=== Recorded data ===

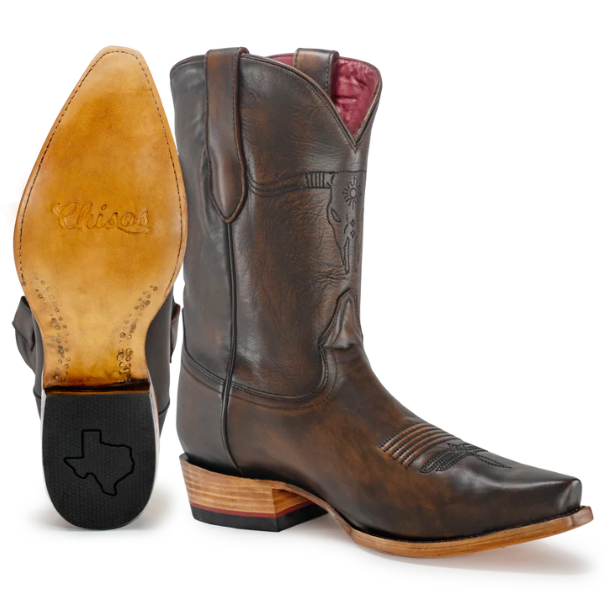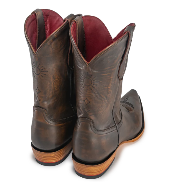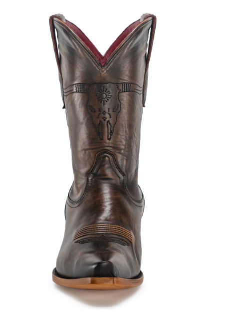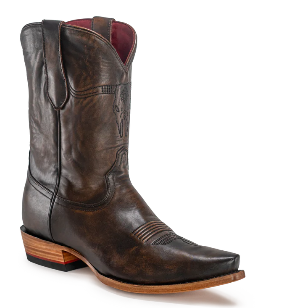 The No. 5 pays tribute to the Texas Longhorn and those great herds that defined the old west. Horns that reach the entire width of the boot dominate the embroidery. Both our magic black and roughout leathers provide full grain strength to back up the loud snip toe.
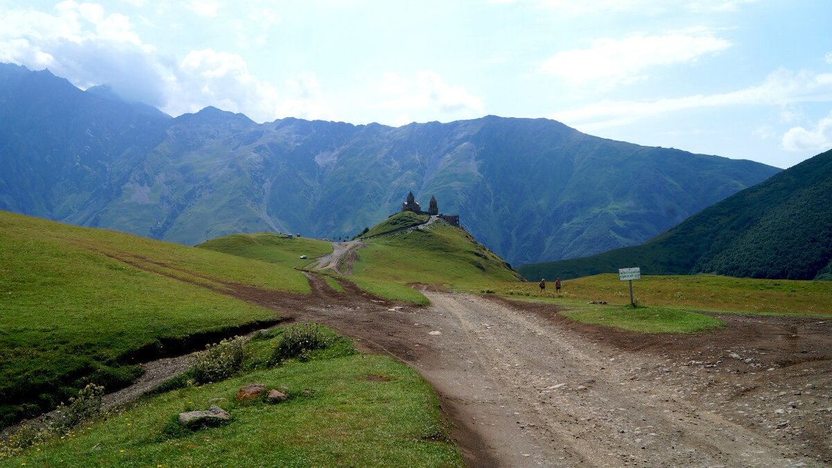 В Степанцминду заехали в сумерках. Предприимчивый Василий (хозяин гестхауса) на ниве сразу подкатил к нам и предложил ночевку. 1000 рублей с человека с завтраком (и, как потом выяснилось, чачей на ночь) показались нам вполне приемлимы. Утром на своих пузотерках рискнули заехать к монастырю святой троицы и нам это даже удалось, но с большим трудом и потерей пружины подножки на вулкане.
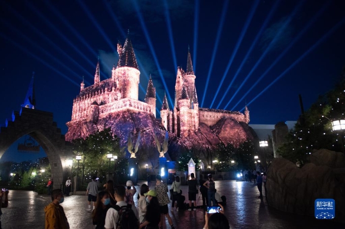 8月25日,游客在觀看北京環(huán)球影城哈利·波特的魔法世界主題景區(qū)霍格沃茨城堡夜間燈光慶典表演。
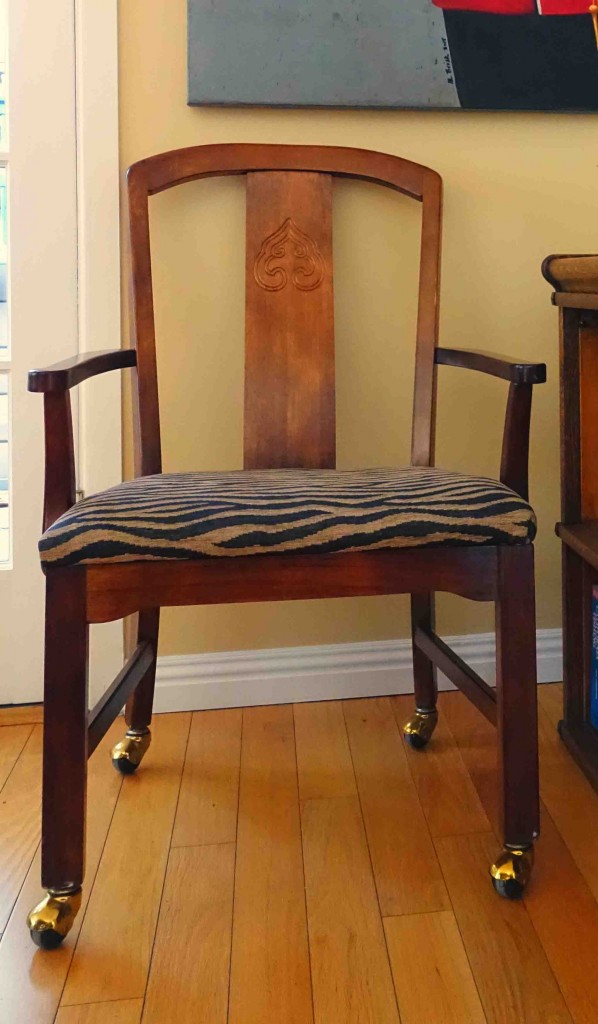 This is a dining room chair. I recovered the seat years and years ago, and I’ve loved that fabric since the day I found it. But like all good things, this fabric’s time had come and it needed to go away. There’s nothing wrong with it, mind you. It just doesn’t work in the new pad. And as I spend a great deal of time in that area of the house, I want the chairs to work and to visually appeal to me. (I have my priorities straight, don’t ya know.)
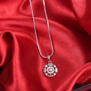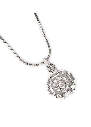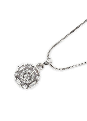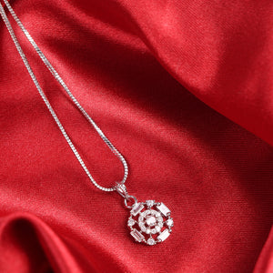 Add a touch of timeless elegance to your everyday style with the Celestial Radiance Pendant. Crafted with precision, this round-cut pendant features a beautiful mix of brilliant and baguette-cut cubic zirconia stones, set in a refined halo design. Its high-shine silver finish and graceful snake chain offer a look that's both modern and classic.

===

- **What needs to be done**
Line for line, restate the data above and omit every picture.

- **Response to the task**
 The No. 5 pays tribute to the Texas Longhorn and those great herds that defined the old west. Horns that reach the entire width of the boot dominate the embroidery. Both our magic black and roughout leathers provide full grain strength to back up the loud snip toe.
 В Степанцминду заехали в сумерках. Предприимчивый Василий (хозяин гестхауса) на ниве сразу подкатил к нам и предложил ночевку. 1000 рублей с человека с завтраком (и, как потом выяснилось, чачей на ночь) показались нам вполне приемлимы. Утром на своих пузотерках рискнули заехать к монастырю святой троицы и нам это даже удалось, но с большим трудом и потерей пружины подножки на вулкане.
 8月25日,游客在觀看北京環(huán)球影城哈利·波特的魔法世界主題景區(qū)霍格沃茨城堡夜間燈光慶典表演。
 This is a dining room chair. I recovered the seat years and years ago, and I’ve loved that fabric since the day I found it. But like all good things, this fabric’s time had come and it needed to go away. There’s nothing wrong with it, mind you. It just doesn’t work in the new pad. And as I spend a great deal of time in that area of the house, I want the chairs to work and to visually appeal to me. (I have my priorities straight, don’t ya know.)
 Add a touch of timeless elegance to your everyday style with the Celestial Radiance Pendant. Crafted with precision, this round-cut pendant features a beautiful mix of brilliant and baguette-cut cubic zirconia stones, set in a refined halo design. Its high-shine silver finish and graceful snake chain offer a look that's both modern and classic.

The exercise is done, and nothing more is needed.